Your assignment: Copy, exactly as written, the lines that begin at the one containing "FOS-V subset includes" and end at the one containing "Bore set up to commence drilling on site.". Skip any pictures in the data below.

Supplied data:
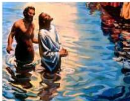
The Baptism of Jesus begins the 70 th week.

The 7 weeks and 62 weeks equal 483 prophetic days or 483 years. This means, counting ahead 483 years from 457 B.C. we are brought to the time of the Messiah, i.e. Jesus Christ. The date comes to 27 A.D.
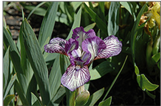
Flea Circus Iris flowers

Flea Circus Iris features showy purple flag-like flowers with white overtones and purple veins at the ends of the stems from mid spring to early summer. The flowers are excellent for cutting. Its attractive sword-like leaves remain bluish-green in colour throughout the season.
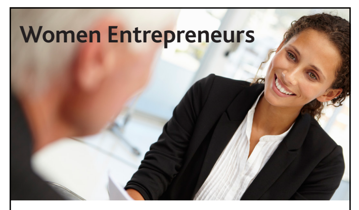
Lunch and Learn with The Support Center's Women Business Center

How to Find Your Customers: Theory is great...but hands-on work actually gets a business started. At this 3-hour workshop, you will spend quality time with a marketing consultant and a market research expert to begin a draft of your customized marketing plan. You will hone your core marketing message, explore marketplace visibility for your business, uncover competitors, describe your target market and develop marketing strategies. After this workshop, you will be well on your way to complet-
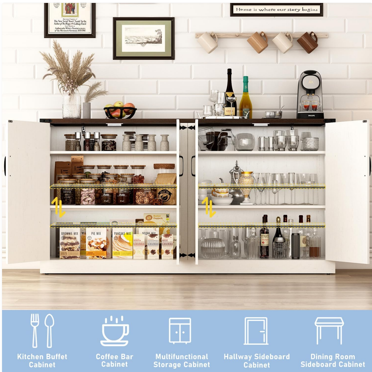
Image 5.1: Interior view of the cabinet demonstrating its storage capacity and organization possibilities for kitchen and dining essentials.
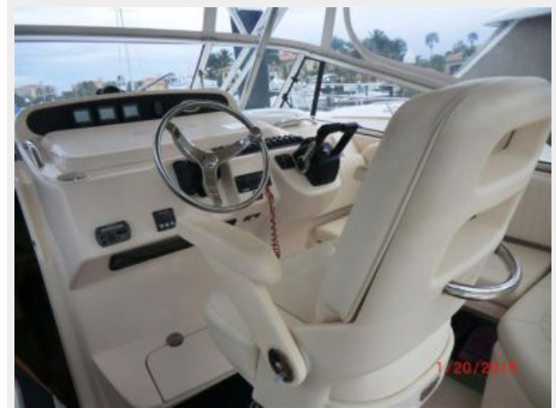
Helm and Helm Seat
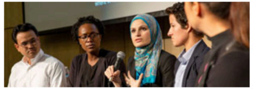
Teach-In with Soledad O'Brien Spurs Dialogue About Injustice
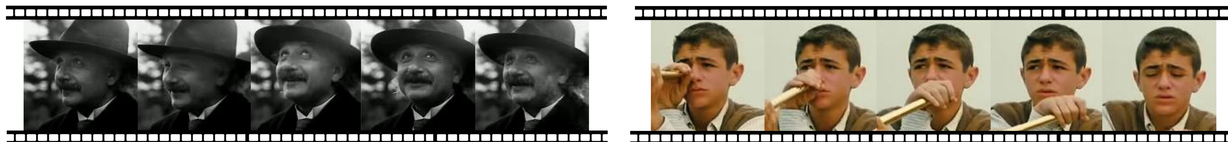
FOS-V subset includes real-word lq video clips with various face motion.

We further propose FOS-V to fill the gap that no video FR test set from real-world is available.
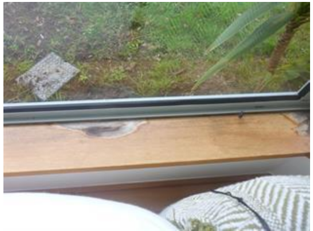
Moisture / UV damage
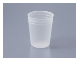
100 ml disposable cup
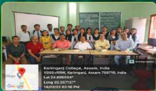
International Mathematics Day Celebration at Mathematics Department
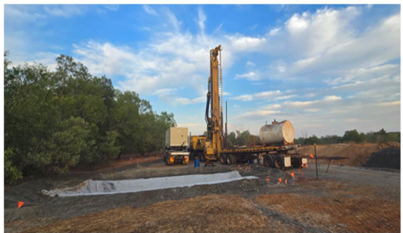
Bore set up to commence drilling on site.
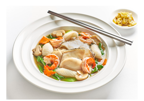
Terms & Conditions: Prices are subject to 10% service charge and prevailing government taxes. Not valid for takeaway/delivery, set menus, buffets, wine and liquor sold by the bottle, or with other promotions, discounts and vouchers, unless otherwise stated. Not valid for events and catering services. Not valid on eve of and on public holidays as well as on special occasions and promotional periods, unless otherwise stated. *Not valid for orders of appetisers, soups and starters.
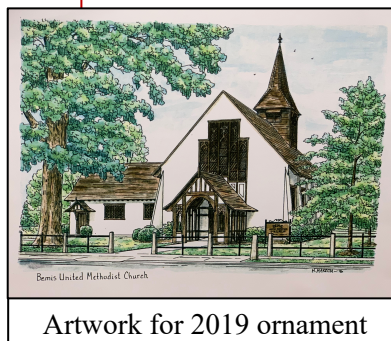
Artwork for 2019 ornament

November 17 – Christmas Memories in Bemis
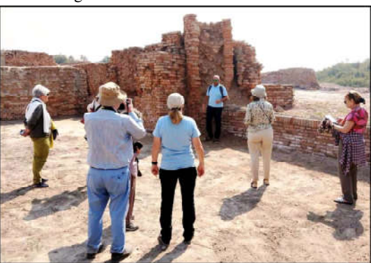
MOHENJO DARO: A tourist delegation from Italy and British are visiting and expressed keen inter-

universities across the nation are fulfilling their responsibilities in higher education. Furthermore, the HEC stands prepared to provide grants specifically for interdisciplinary and applied research ini-
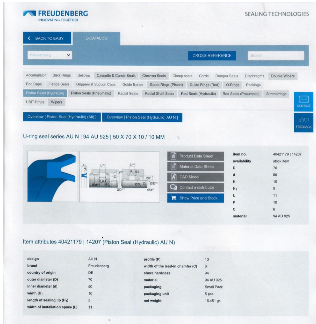
Figure 1: U-ring Piston Seal Datasheet

The supplier is responsible for the proper cleaning, packing and safe delivering of the goods to iThemba LABS (NRF) Stores, Cape Town.
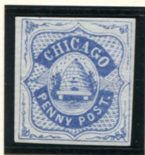
FORGERY D TAYLOR - FORM 15 1¢ ULTRAMARINE ON WHITE H LAID (38L1)
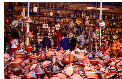
Tajine shop, in the Souk, Taroudant, 2015
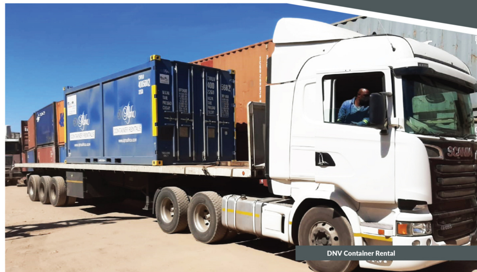
DNV Container Rental
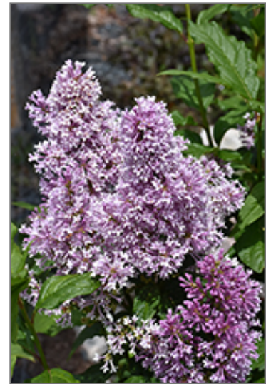
Donald Wyman Lilac flowers
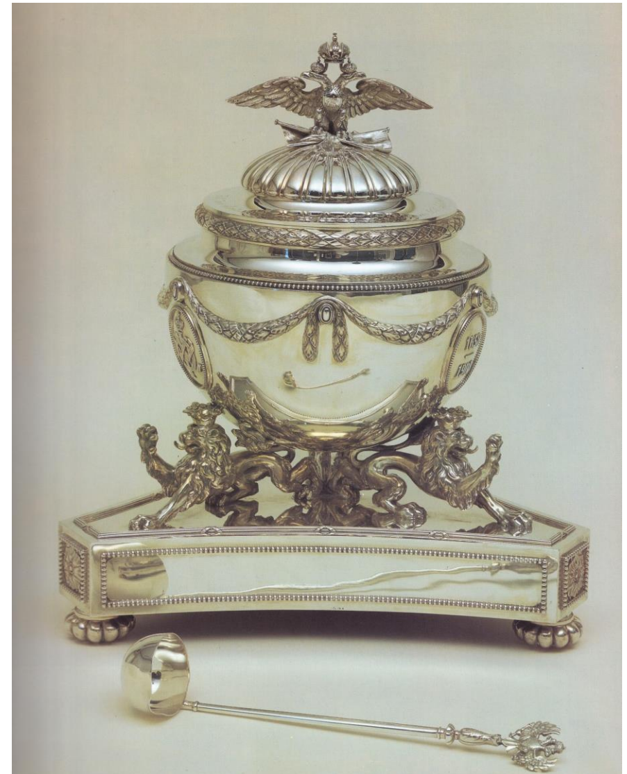
Monumental Bowl of the Royal Danish life guard, 1908

In 1900 one of the biggest sensations in the world was the international fair and the Trans-Siberian Railway, Faberge house created the most complex of the imperial eggs Trans-Siberian Railway Egg in order to mark the beginning of the construction.

Answer for this exercise:
FOS-V subset includes real-word lq video clips with various face motion.

We further propose FOS-V to fill the gap that no video FR test set from real-world is available.
Moisture / UV damage
100 ml disposable cup
International Mathematics Day Celebration at Mathematics Department
Bore set up to commence drilling on site.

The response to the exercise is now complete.